------ Task data ------

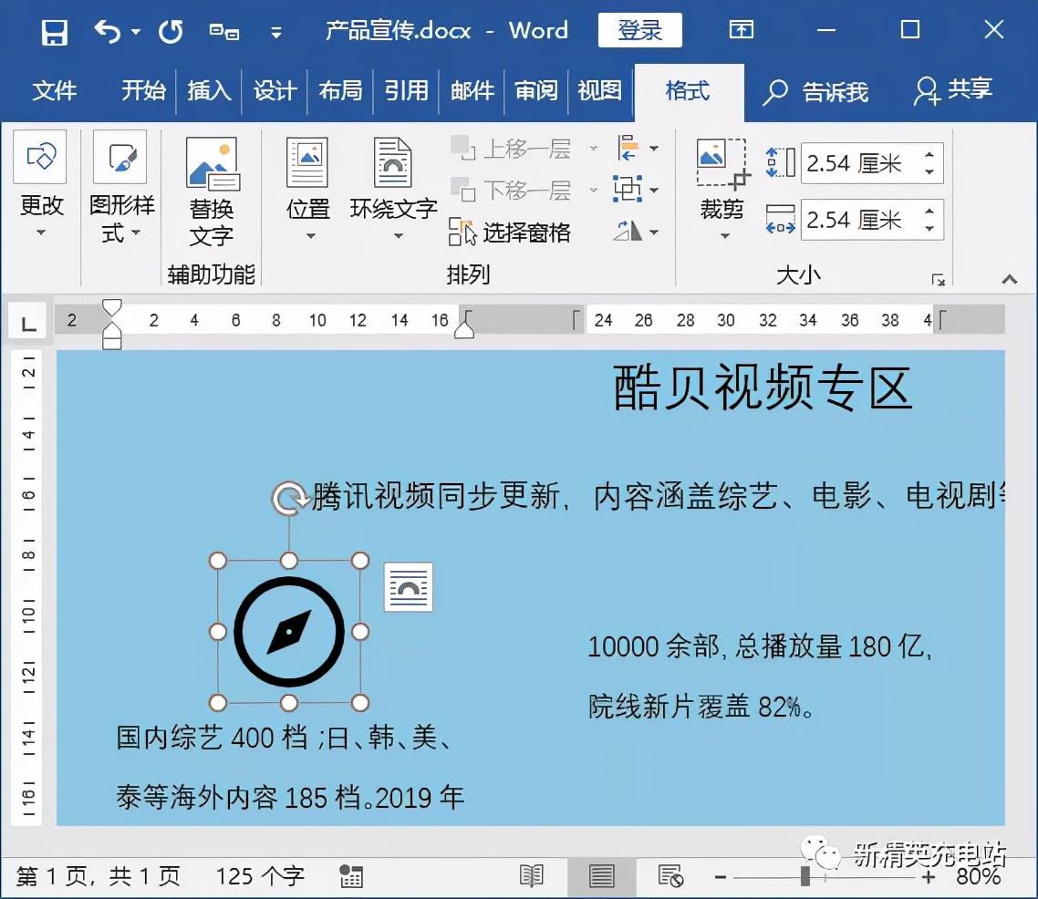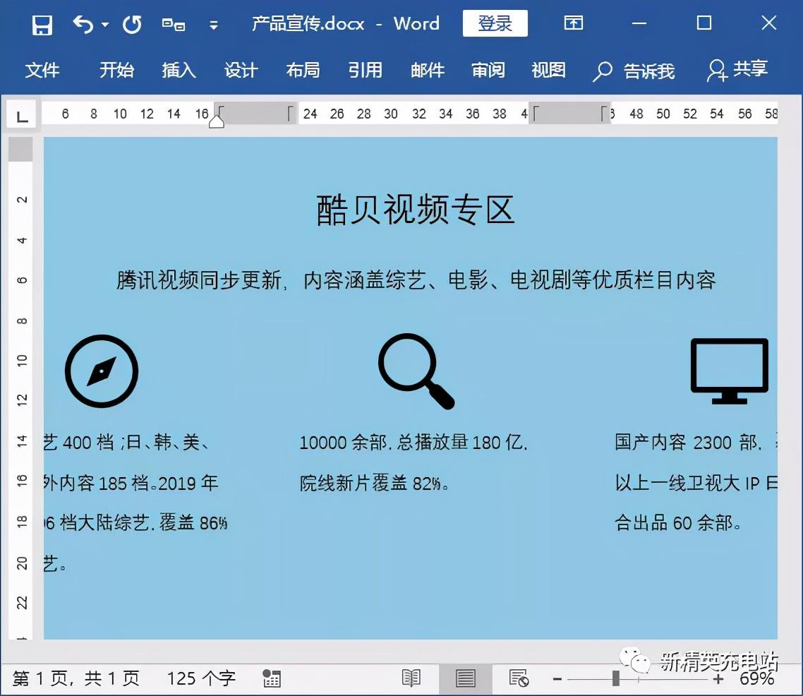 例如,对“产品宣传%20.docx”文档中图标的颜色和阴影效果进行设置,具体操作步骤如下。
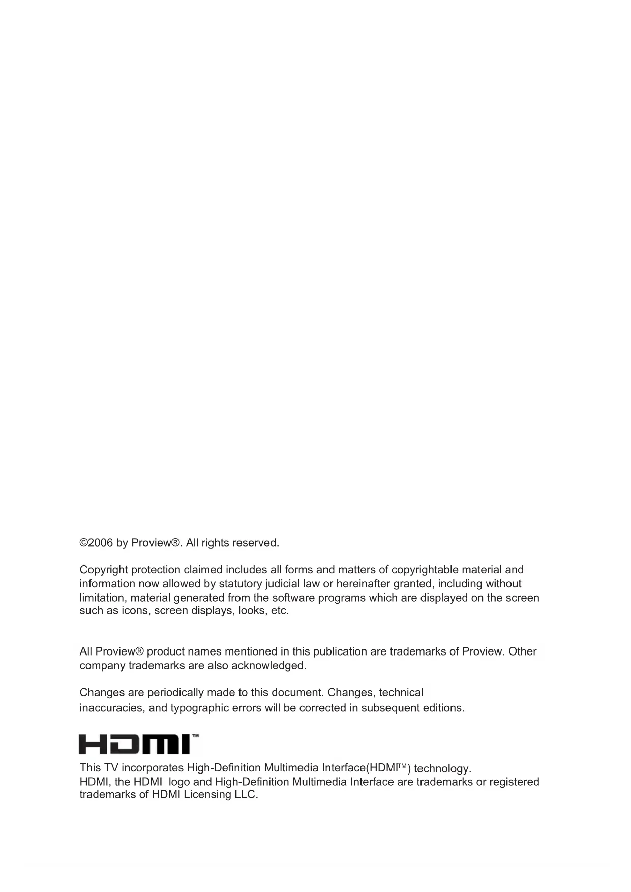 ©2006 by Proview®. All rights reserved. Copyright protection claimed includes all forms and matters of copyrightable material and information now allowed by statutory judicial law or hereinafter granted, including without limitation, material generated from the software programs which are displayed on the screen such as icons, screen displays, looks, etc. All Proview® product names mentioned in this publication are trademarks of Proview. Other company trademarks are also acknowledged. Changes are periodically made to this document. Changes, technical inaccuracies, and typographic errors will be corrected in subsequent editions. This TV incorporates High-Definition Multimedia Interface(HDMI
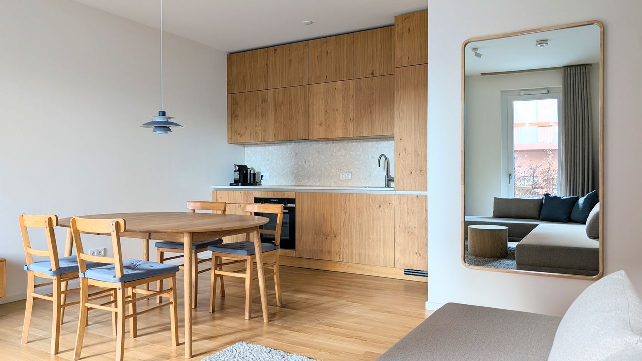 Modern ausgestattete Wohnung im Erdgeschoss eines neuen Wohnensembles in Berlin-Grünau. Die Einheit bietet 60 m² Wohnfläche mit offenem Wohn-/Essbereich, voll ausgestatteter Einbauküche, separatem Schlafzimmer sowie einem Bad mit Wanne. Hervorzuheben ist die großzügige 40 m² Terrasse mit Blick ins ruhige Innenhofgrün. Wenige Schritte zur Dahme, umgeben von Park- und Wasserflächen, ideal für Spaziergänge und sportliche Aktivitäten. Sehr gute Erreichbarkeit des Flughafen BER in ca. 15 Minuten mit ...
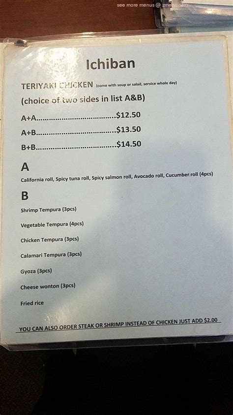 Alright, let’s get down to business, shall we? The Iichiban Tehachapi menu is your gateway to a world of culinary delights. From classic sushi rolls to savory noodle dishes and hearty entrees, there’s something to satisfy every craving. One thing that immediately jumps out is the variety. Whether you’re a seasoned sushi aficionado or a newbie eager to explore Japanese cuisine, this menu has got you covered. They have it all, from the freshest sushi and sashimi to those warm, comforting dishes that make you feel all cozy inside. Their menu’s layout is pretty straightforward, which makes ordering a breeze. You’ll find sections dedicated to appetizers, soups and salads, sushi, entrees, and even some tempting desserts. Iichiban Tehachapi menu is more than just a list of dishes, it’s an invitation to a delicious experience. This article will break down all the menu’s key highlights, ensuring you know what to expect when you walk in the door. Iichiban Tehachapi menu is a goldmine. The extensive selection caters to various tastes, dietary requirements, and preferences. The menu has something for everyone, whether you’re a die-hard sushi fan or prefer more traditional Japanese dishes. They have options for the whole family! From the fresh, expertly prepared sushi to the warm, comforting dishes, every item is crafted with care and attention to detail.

------
------ Task data ------

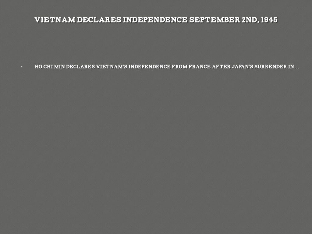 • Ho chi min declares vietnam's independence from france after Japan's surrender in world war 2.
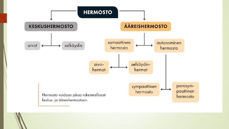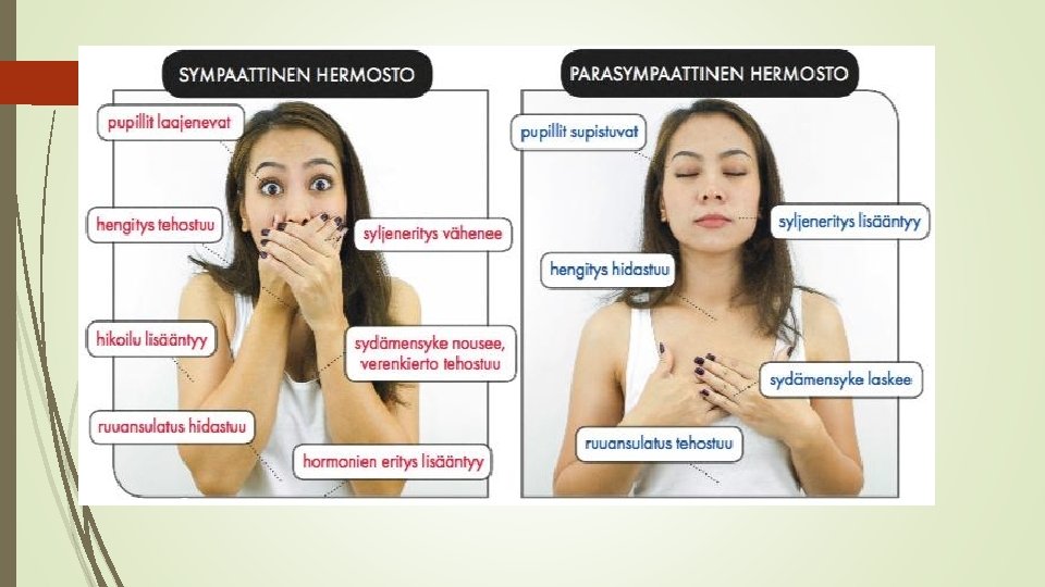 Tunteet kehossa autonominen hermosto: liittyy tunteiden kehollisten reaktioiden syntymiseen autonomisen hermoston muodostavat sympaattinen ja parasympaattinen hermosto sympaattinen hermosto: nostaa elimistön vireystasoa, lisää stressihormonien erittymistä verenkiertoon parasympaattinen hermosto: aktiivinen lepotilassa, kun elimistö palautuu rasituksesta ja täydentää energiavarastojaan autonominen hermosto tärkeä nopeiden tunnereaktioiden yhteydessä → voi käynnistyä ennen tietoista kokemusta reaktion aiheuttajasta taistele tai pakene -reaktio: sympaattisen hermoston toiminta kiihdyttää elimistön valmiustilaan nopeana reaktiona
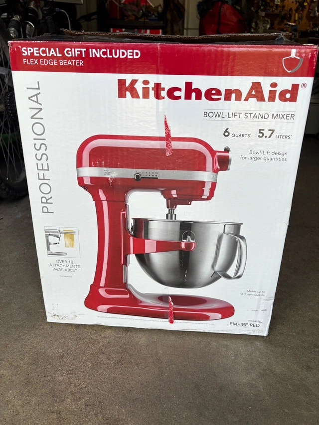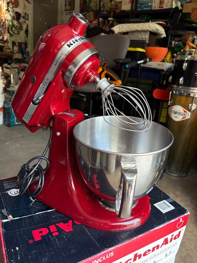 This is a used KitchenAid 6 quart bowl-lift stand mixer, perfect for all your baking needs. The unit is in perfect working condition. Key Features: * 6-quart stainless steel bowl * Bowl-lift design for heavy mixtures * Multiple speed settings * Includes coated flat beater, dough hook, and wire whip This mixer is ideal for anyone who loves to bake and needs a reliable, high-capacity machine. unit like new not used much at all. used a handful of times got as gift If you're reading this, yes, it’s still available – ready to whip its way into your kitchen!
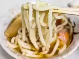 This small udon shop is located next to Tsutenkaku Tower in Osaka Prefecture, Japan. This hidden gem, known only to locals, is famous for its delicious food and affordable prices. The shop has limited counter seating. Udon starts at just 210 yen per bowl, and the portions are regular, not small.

------

Nothing but the lines above from the one that has "This is a used" down to the one that has "This small udon" belongs in the answer, copied exactly, without pictures.

# Solved exercise
 This is a used KitchenAid 6 quart bowl-lift stand mixer, perfect for all your baking needs. The unit is in perfect working condition. Key Features: * 6-quart stainless steel bowl * Bowl-lift design for heavy mixtures * Multiple speed settings * Includes coated flat beater, dough hook, and wire whip This mixer is ideal for anyone who loves to bake and needs a reliable, high-capacity machine. unit like new not used much at all. used a handful of times got as gift If you're reading this, yes, it’s still available – ready to whip its way into your kitchen!
 This small udon shop is located next to Tsutenkaku Tower in Osaka Prefecture, Japan. This hidden gem, known only to locals, is famous for its delicious food and affordable prices. The shop has limited counter seating. Udon starts at just 210 yen per bowl, and the portions are regular, not small.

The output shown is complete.